Guardrail Hooks
Guardrails can be invoked at four hooks in the AI Gateway workflow:LLM Input
Applied before the request is sent to the LLM. Use for:
- PII masking and redaction
- Prompt injection detection
- Content moderation
- Input validation
LLM Output
Applied after the response is received from the LLM. Use for:
- Hallucination detection
- Secrets detection
- Content filtering
- Output validation
MCP Pre Tool
Applied before an MCP tool is invoked. Use for:
- SQL injection prevention
- Parameter validation
- Permission checks
- Input sanitization
MCP Post Tool
Applied after an MCP tool returns results. Use for:
- Code safety validation
- Secrets detection in outputs
- PII redaction from results
- Output sanitization
Operation Modes
| Operation | Behavior | Execution |
|---|---|---|
| Validate | Checks data and blocks if rules violated | Parallel (lower latency) |
| Mutate | Validates AND modifies data (e.g., redact PII) | Sequential by Priority (lower runs first) |
Enforcing Strategy
| Strategy | On Violation | On Guardrail Error |
|---|---|---|
| Enforce | Block | Block |
| Enforce But Ignore On Error | Block | Allow (graceful degradation) |
| Audit | Allow (log only) | Allow |
Guardrail Execution Flow
LLM Request Flow

- LLM Input Validation Guardrail starts (asynchronous): Begins immediately but doesn’t block processing.
- LLM Input Mutation Guardrail executes (synchronous): Must complete before the model request starts.
- Model request starts: Proceeds with mutated messages while input validation continues in parallel.
- LLM Input Validation completion: If validation fails, the model request is cancelled immediately to prevent costs.
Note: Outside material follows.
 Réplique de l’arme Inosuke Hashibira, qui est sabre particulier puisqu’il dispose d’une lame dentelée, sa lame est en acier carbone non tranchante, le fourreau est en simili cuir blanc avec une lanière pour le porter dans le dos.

- LLM Output Mutation Guardrail: Processes the model response after input validation passes.
- LLM Output Validation Guardrail: Validates the response. If it fails, the response is rejected (model costs already incurred).
- Response returned: Validated and mutated response is returned to the client.
MCP Tool Invocation Flow
When an AI agent invokes an MCP tool, guardrails execute in the following sequence:- MCP Pre Tool Guardrails execute (synchronous): All pre-tool guardrails must pass before the tool is invoked.
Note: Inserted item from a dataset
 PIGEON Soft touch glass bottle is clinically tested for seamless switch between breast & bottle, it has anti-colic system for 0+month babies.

- Tool invocation: If pre-tool guardrails pass, the MCP tool is executed.
- MCP Post Tool Guardrails execute (synchronous): All post-tool guardrails validate/mutate the tool output.
- Tool result returned: The validated/mutated result is returned to the AI model.
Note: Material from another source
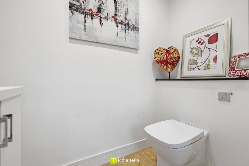 Engineered Oak flooring with heating under, enclosed cistern WC, vanity wash hand basin.

MCP guardrails are evaluated for each tool invocation. In agentic workflows where multiple tools are called, guardrails run for each tool call independently.
Optimization Strategy
The gateway optimizes time-to-first-token latency by executing guardrail checks in parallel where possible. LLM Input validation runs concurrently with the model request, and if validation fails, the model request is immediately cancelled to avoid incurring unnecessary costs.Execution Flow Diagrams
All Guardrails Pass
All Guardrails Pass
Input validation runs in parallel with model request. Output guardrails process the response before returning to client.

Input Validation Failure
Input Validation Failure
When input validation fails, the model request is cancelled immediately to prevent costs.

Output Validation Failure
Output Validation Failure
If output validation fails after model completes, the response is rejected (costs already incurred).

Key Behaviors
| Hook | Execution | On Failure |
|---|---|---|
| LLM Input Validation | Async (parallel with model request) | Model request cancelled |
| LLM Input Mutation | Sync (before model request) | Request blocked |
| LLM Output Mutation | Sync (after model response) | Response blocked |
| LLM Output Validation | Sync (after output mutation) | Response rejected |
| MCP Pre Tool | Sync (before tool invocation) | Tool not invoked |
| MCP Post Tool | Sync (after tool returns) | Result not passed to model |
Controlling Guardrails Scope
By default, guardrails evaluate all messages in a conversation. You can control this behavior using theX-TFY-GUARDRAILS-SCOPE header:
all(default): Evaluates all messages in the conversation historylast: Evaluates only the most recent message
Per-Request Guardrails Header
TheX-TFY-GUARDRAILS header accepts JSON with the following fields:
| Field | Description |
|---|---|
llm_input_guardrails | Array of guardrail selectors for LLM Input hook |
llm_output_guardrails | Array of guardrail selectors for LLM Output hook |
mcp_tool_pre_invoke_guardrails | Array of guardrail selectors for MCP Pre Tool hook |
mcp_tool_post_invoke_guardrails | Array of guardrail selectors for MCP Post Tool hook |
For backward compatibility,
input_guardrails maps to llm_input_guardrails and output_guardrails maps to llm_output_guardrails.Monitoring Guardrails
View guardrail execution in AI Gateway → Monitor → Request Traces:- Which hooks were evaluated and guardrails triggered
- Pass/fail status and latency per guardrail
- Detailed findings (secrets detected, SQL issues, unsafe patterns)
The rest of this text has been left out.